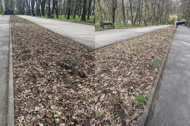 На календарі вже середина квітня, але головні клумби парку, здається, застрягли у листопаді. На центральних алеях замість сезонних насаджень — занедбані ділянки. Земля вкрита шаром сухого листя, що залишилося тут ще з минулого року. Візуально помітно, що квітники тривалий час не доглядалися: ґрунт не підсапаний, подекуди захаращений сміттям, а залишки сухостою не прибрані.
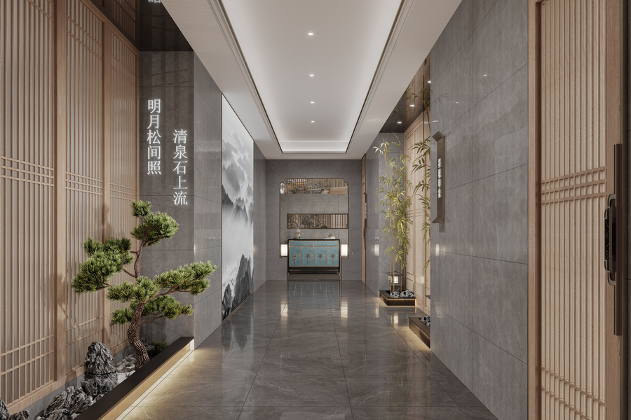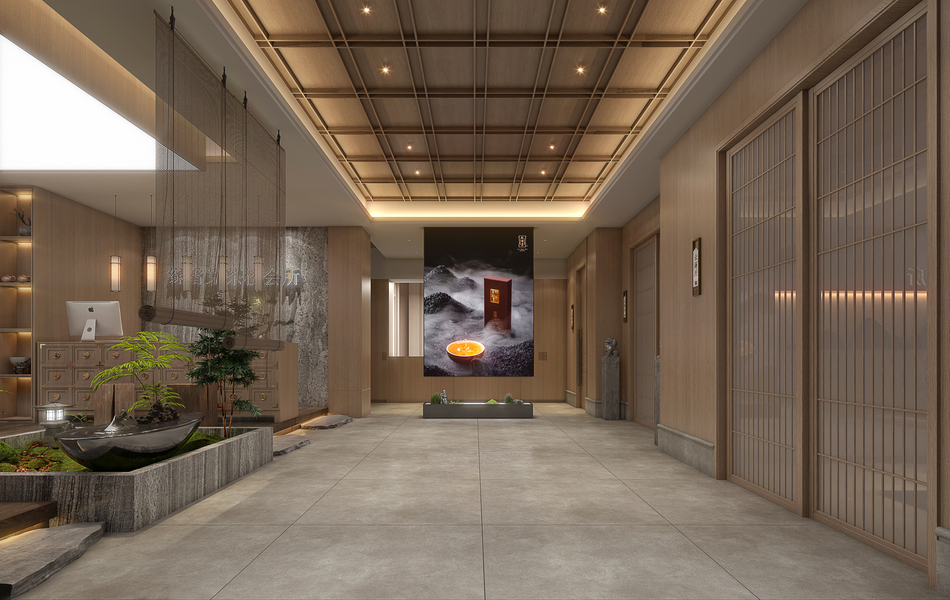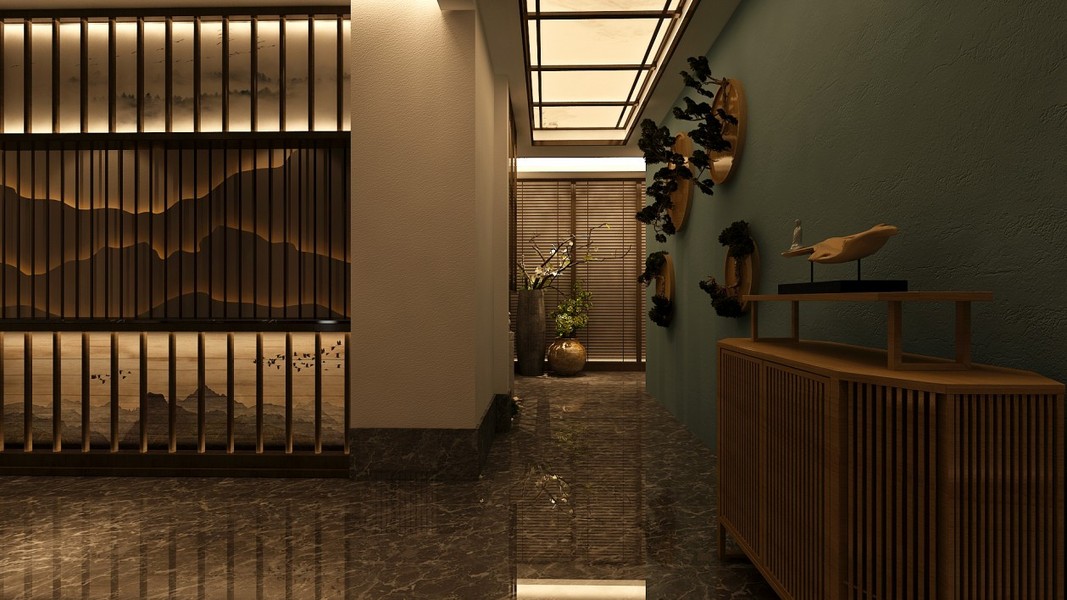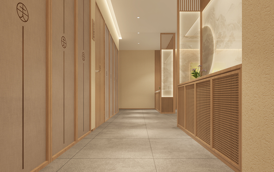 中式足浴大厅过道
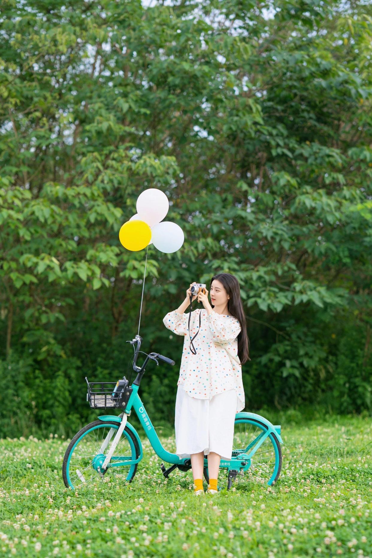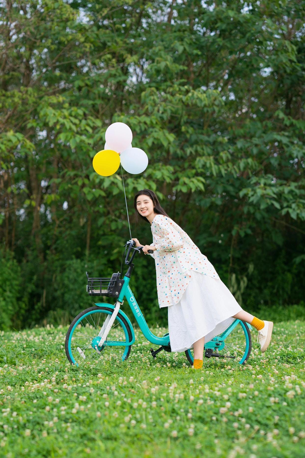 想要拍出更有创意和动感的照片,可以尝试将气球绑在自行车车头,双手模拟骑车的动作,同时侧向抬起一只脚。这个姿势非常适合在草地上的小道边拍摄,不仅突显了拍照者的活力与青春,还能通过巧妙的构图让画面充满动感和层次感。
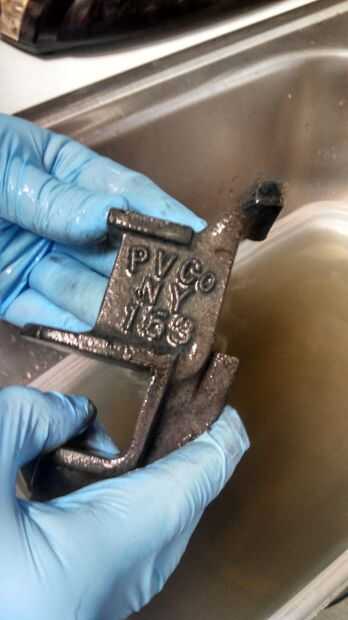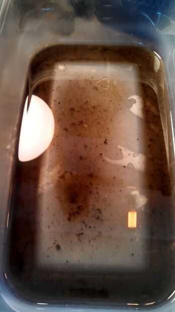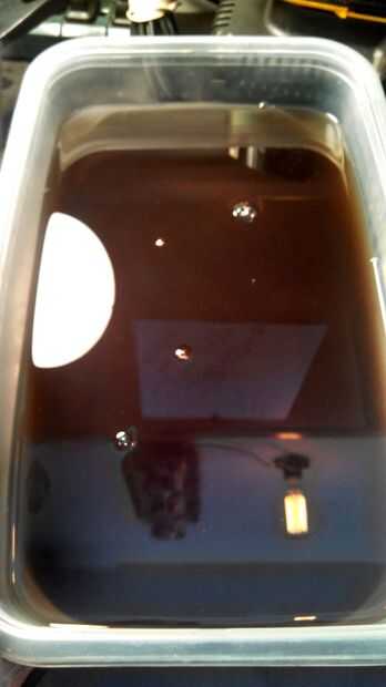 Como se puede ver que el solvente realmente tomó para sacar el moho y lo nublado. Y después quitando y verter el Evaporust de nuevo en la jarra, buena oxidación y pedacitos de corrosión en el envase. Deséchelo adecuadamente, aunque es soluble en agua.
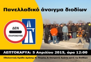 Κυριακή 5 Απριλίου: Παμπιερική Επιτροπή Αγώνα. Διαμαρτυρία στον σταθμό διοδίων της Λεπτοκαρυάς.
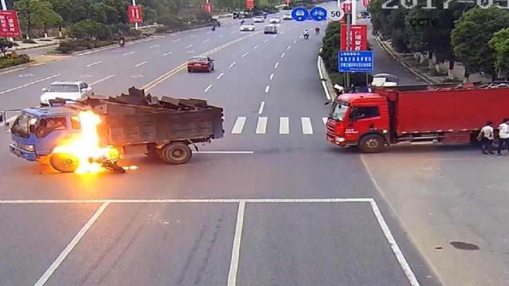 Ο μοτοσικλετιστής, δεν μπορεί να φρενάρει και καρφώνεται πάνω στο φορτηγό που διασχίζει το δρόμο.
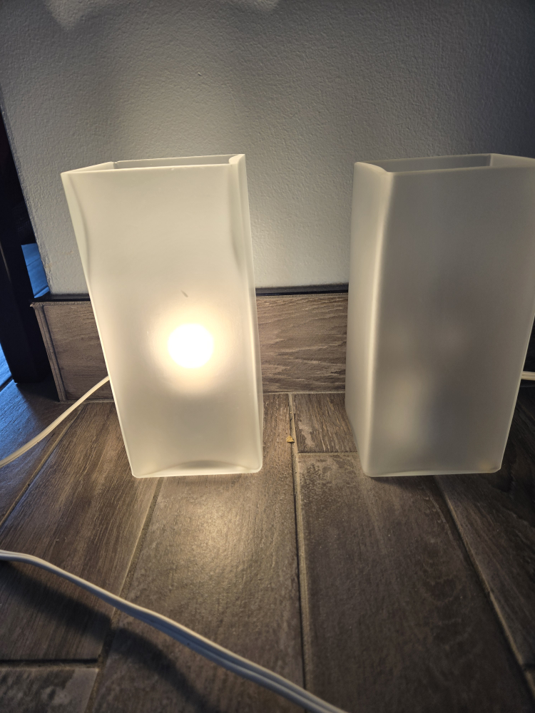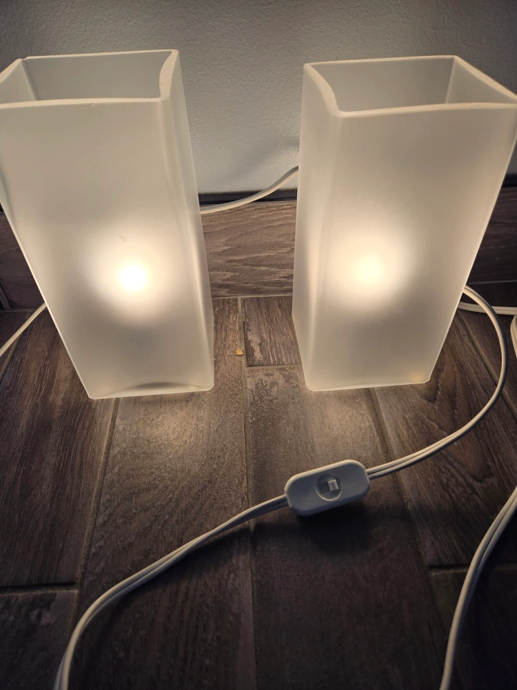 10Glass Night stand lights mint condition sold as a pair only 15$ for both, easy toggle On/ Off switch no delivery. 25 to 40 W bulb required comes with 1 bulb each light.
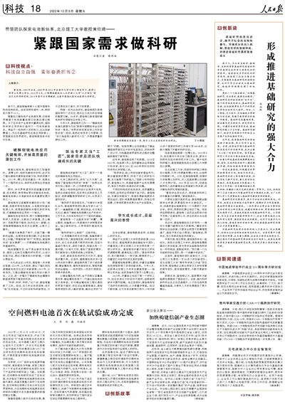 空间燃料电池首次在轨试验成功完成(创新故事)
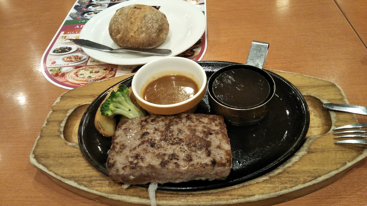 近江八幡駅の近くに宿泊したので近くで手軽に夕飯を済ませようと利用しました。夕方の6時過ぎでしたがほぼ満員でした。炭みたいな焼いた固形燃料に焼き付けるハンバーグの石窯パンセットにしました。ジュージューさせて食べると美味しさが増す気がしました
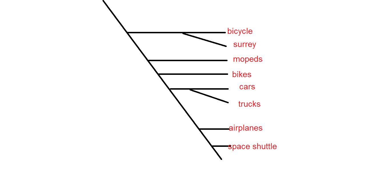And your order is not unique. Someone else could easily switch your mopeds/motorcycles with surreys. Now vehicles split first on number of wheels, and then both paths independently split with a convergence on engines. So which split is first? The number of wheels or the presence of an engine? This one fact ruins the coherence of your tree.
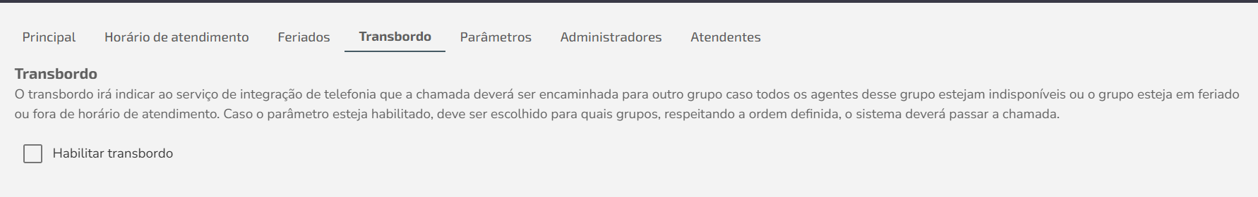 Horario de atención: Define los horarios en los que se pueden recibir llamadas. Si eliges no utilizar un horario de atención, las llamadas serán transferidas siempre que haya un agente del grupo en línea, sin importar el día ni la hora. Si optas por utilizar un horario de atención, además de haber un agente en línea, también será necesario que esté dentro del horario establecido.
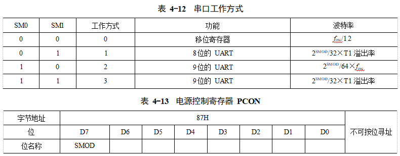 串口有4種工作方式,由SM0和SM1選擇,見表4-12。在表4-12中:
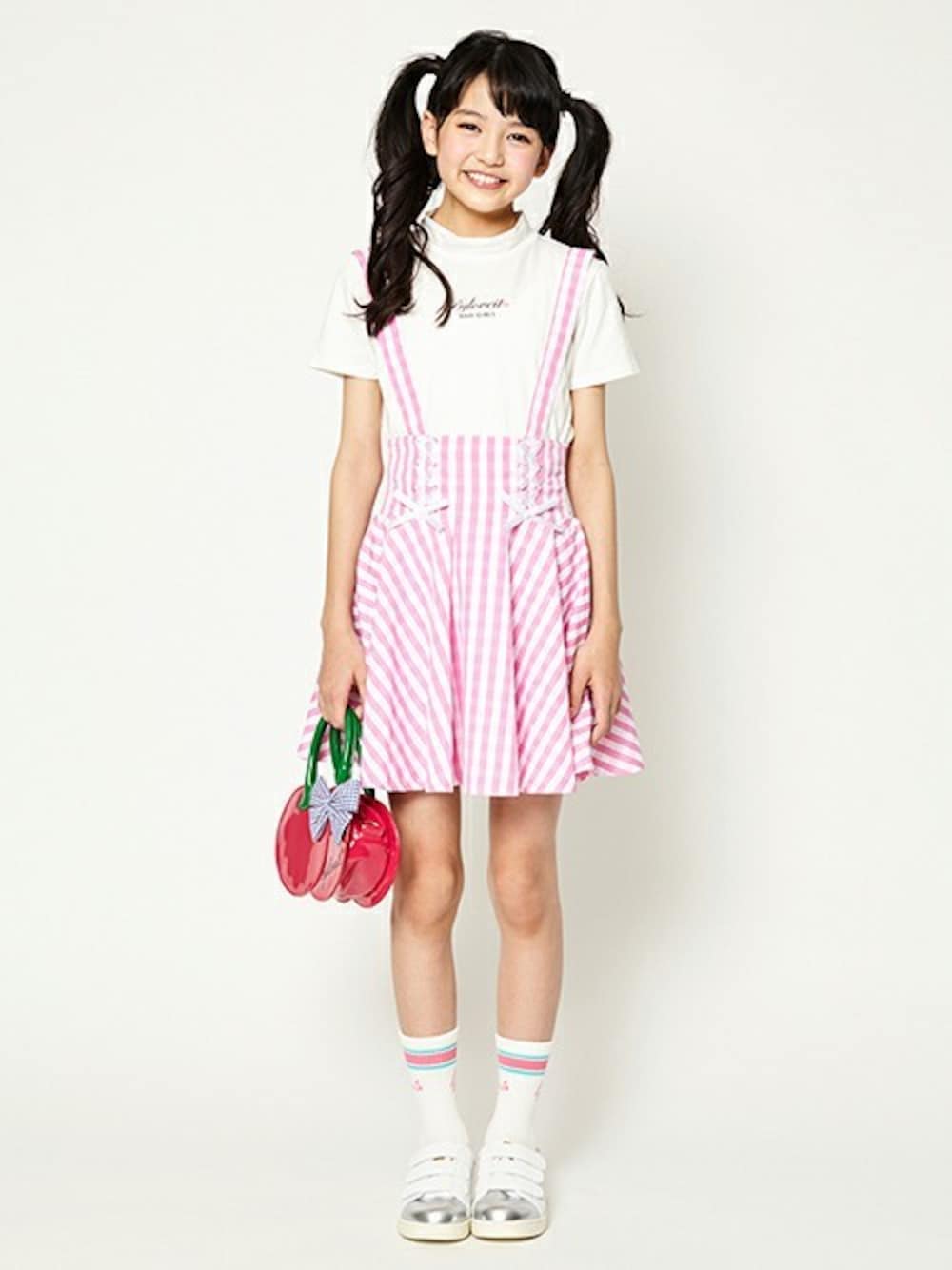 首元を適度におおうハイネックタイプで上品に着こなせるTシャツは、ブランドをおしゃれに印象づけるクラシカルな書体のロゴがポイント♪ 細身のシルエットでジャケットなどのインナーとしても重宝します。 ウエストにあしらったレースアップがガーリー気分を盛り上げるギンガムチェックジャンパースカートの裾にはロゴワッペンをプラスしブランドをさり気なくアピール♪ ふんわり広がるシルエットが女の子らしさを惹き立てます。ストラップを取り外してスカート単体としても着用可能。両サイドにポケットつきです。ウエスト後はシャーリング仕様。 リブ状の編地に配色ラインを効かせてスポーティーに仕上げたソックスも、ポップ感ただようブランドロゴも目を引く良いアクセント♪ くしゅくしゅっとたるませて、ちょっぴりルーズにスタイリングしてもかわいい1足です。 チェリーモチーフの本体にギンガムチェック柄リボンをあしらいスウィートムード満点に仕上げたバッグのショルダー用のチェーンストラップはお好みで取り外せる仕様となっており、コーデに合わせてアレンジできるのが◎。スタイルのアクセントとして存在感を放つアイテムです。

• **Exercise instructions**
The expected output is the complete listing, word for word, without any picture.

• **Result below**
 На календарі вже середина квітня, але головні клумби парку, здається, застрягли у листопаді. На центральних алеях замість сезонних насаджень — занедбані ділянки. Земля вкрита шаром сухого листя, що залишилося тут ще з минулого року. Візуально помітно, що квітники тривалий час не доглядалися: ґрунт не підсапаний, подекуди захаращений сміттям, а залишки сухостою не прибрані.
 中式足浴大厅过道
 想要拍出更有创意和动感的照片,可以尝试将气球绑在自行车车头,双手模拟骑车的动作,同时侧向抬起一只脚。这个姿势非常适合在草地上的小道边拍摄,不仅突显了拍照者的活力与青春,还能通过巧妙的构图让画面充满动感和层次感。
 Como se puede ver que el solvente realmente tomó para sacar el moho y lo nublado. Y después quitando y verter el Evaporust de nuevo en la jarra, buena oxidación y pedacitos de corrosión en el envase. Deséchelo adecuadamente, aunque es soluble en agua.
 Κυριακή 5 Απριλίου: Παμπιερική Επιτροπή Αγώνα. Διαμαρτυρία στον σταθμό διοδίων της Λεπτοκαρυάς.
 Ο μοτοσικλετιστής, δεν μπορεί να φρενάρει και καρφώνεται πάνω στο φορτηγό που διασχίζει το δρόμο.
 10Glass Night stand lights mint condition sold as a pair only 15$ for both, easy toggle On/ Off switch no delivery. 25 to 40 W bulb required comes with 1 bulb each light.
 空间燃料电池首次在轨试验成功完成(创新故事)
 近江八幡駅の近くに宿泊したので近くで手軽に夕飯を済ませようと利用しました。夕方の6時過ぎでしたがほぼ満員でした。炭みたいな焼いた固形燃料に焼き付けるハンバーグの石窯パンセットにしました。ジュージューさせて食べると美味しさが増す気がしました
And your order is not unique. Someone else could easily switch your mopeds/motorcycles with surreys. Now vehicles split first on number of wheels, and then both paths independently split with a convergence on engines. So which split is first? The number of wheels or the presence of an engine? This one fact ruins the coherence of your tree.
 Horario de atención: Define los horarios en los que se pueden recibir llamadas. Si eliges no utilizar un horario de atención, las llamadas serán transferidas siempre que haya un agente del grupo en línea, sin importar el día ni la hora. Si optas por utilizar un horario de atención, además de haber un agente en línea, también será necesario que esté dentro del horario establecido.
 串口有4種工作方式,由SM0和SM1選擇,見表4-12。在表4-12中:
 首元を適度におおうハイネックタイプで上品に着こなせるTシャツは、ブランドをおしゃれに印象づけるクラシカルな書体のロゴがポイント♪ 細身のシルエットでジャケットなどのインナーとしても重宝します。 ウエストにあしらったレースアップがガーリー気分を盛り上げるギンガムチェックジャンパースカートの裾にはロゴワッペンをプラスしブランドをさり気なくアピール♪ ふんわり広がるシルエットが女の子らしさを惹き立てます。ストラップを取り外してスカート単体としても着用可能。両サイドにポケットつきです。ウエスト後はシャーリング仕様。 リブ状の編地に配色ラインを効かせてスポーティーに仕上げたソックスも、ポップ感ただようブランドロゴも目を引く良いアクセント♪ くしゅくしゅっとたるませて、ちょっぴりルーズにスタイリングしてもかわいい1足です。 チェリーモチーフの本体にギンガムチェック柄リボンをあしらいスウィートムード満点に仕上げたバッグのショルダー用のチェーンストラップはお好みで取り外せる仕様となっており、コーデに合わせてアレンジできるのが◎。スタイルのアクセントとして存在感を放つアイテムです。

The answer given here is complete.